The MPS presenters repeatedly cited cases in which early and genuine expressions of regret to patients by doctors following an adverse event had had a major impact, hugely mitigating the outcome. Said Doepel: 'Once the writ is served, strap yourself in - it's almost impossible to parachute out. Early empathy and understanding can make a huge difference! Lawyers around the world seemed to have forgotten 'who they are and what their obligations are. We are professional advisors. One of the troubling things I see every day is: "I will act because I think there's a buck in it". The certificate of merit [for a case] brings them back to what their obligation is,' he added. Medical geneticist Prof. Arnold Christianson said that he was working in a province where litigation had reached ZAR5 billion, adding that it was 'now virtually impossible to do a decent job'. He said some of the claims coming through were 'preposterous'. 'I was recently asked to give an opinion on a cerebral palsy case, and a Down syndrome patient walked through the door - it's not surprising that things go wrong.' He said that provincial governments were now also looking to see if their doctors could be held liable if their Health MECs were found culpable. 'I think you [i.e. the MPS] are limiting yourselves if you're addressing only the private sector - it's a disaster out there.'

Tiernan replied that while the MPS did not indemnify in the public sector, the remedies being suggested were for the entire system, and only South Africans could drive them forward.
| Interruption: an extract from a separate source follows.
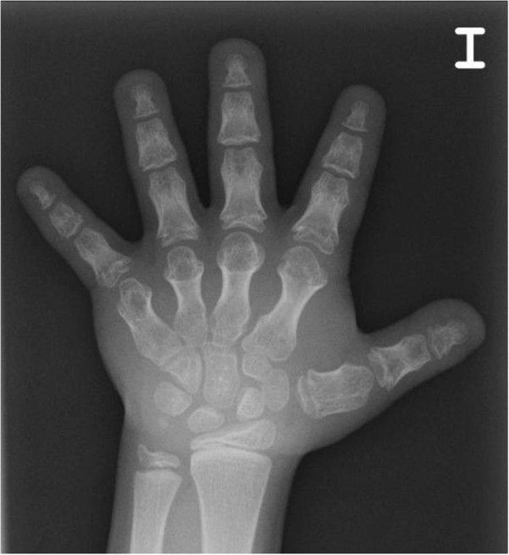 Acrodysostosis is a rare genetic disorder characterized by skeletal malformations, growth delays, short stature, and distinctive facial features caused, in part, by underdeveloped (hypoplastic) of certain facial bones, particularly those in the middle portion of the face. A characteristic symptom is abnormally small hands and feet with short, stubby fingers and toes that may affect all or some of the fingers and toes. Some affected children have varying degrees of intellectual disability; in other children intelligence is unaffected. Some children experience resistance to certain hormones, which means that the tissues of the body do not respond to the hormone in question despite normal or high activity levels of the hormone. Acrodysostosis may be caused by mutations in the PRKAR1A gene (type 1) or the PDE4D gene (type 2). These mutations usually occur sporadically without a positive family history; mutations in PDE4D can be inherited in an autosomal dominant manner. It is likely that additional forms of acrodysostosis exist; caused by as-yet-unidentified gene mutations.

Doepel was highly critical of 'no-fault' compensation schemes, saying they would almost certainly fail for financial reasons and had almost bankrupted the New Zealand healthcare system. 'Lawyers hate a vacuum and will re-enliven personal actions. It's like the rental car being the fastest car around. As a philosophical, financial and regulatory mechanism, I'm no great fan of no-fault compensation schemes,' he said. Hallinan said that the House of Parliament's Health Committee reported in 2011 that they had heard evidence that the National Health Service bill in the UK would increase by between 20% and 80% were a no-fault compensation scheme to be introduced.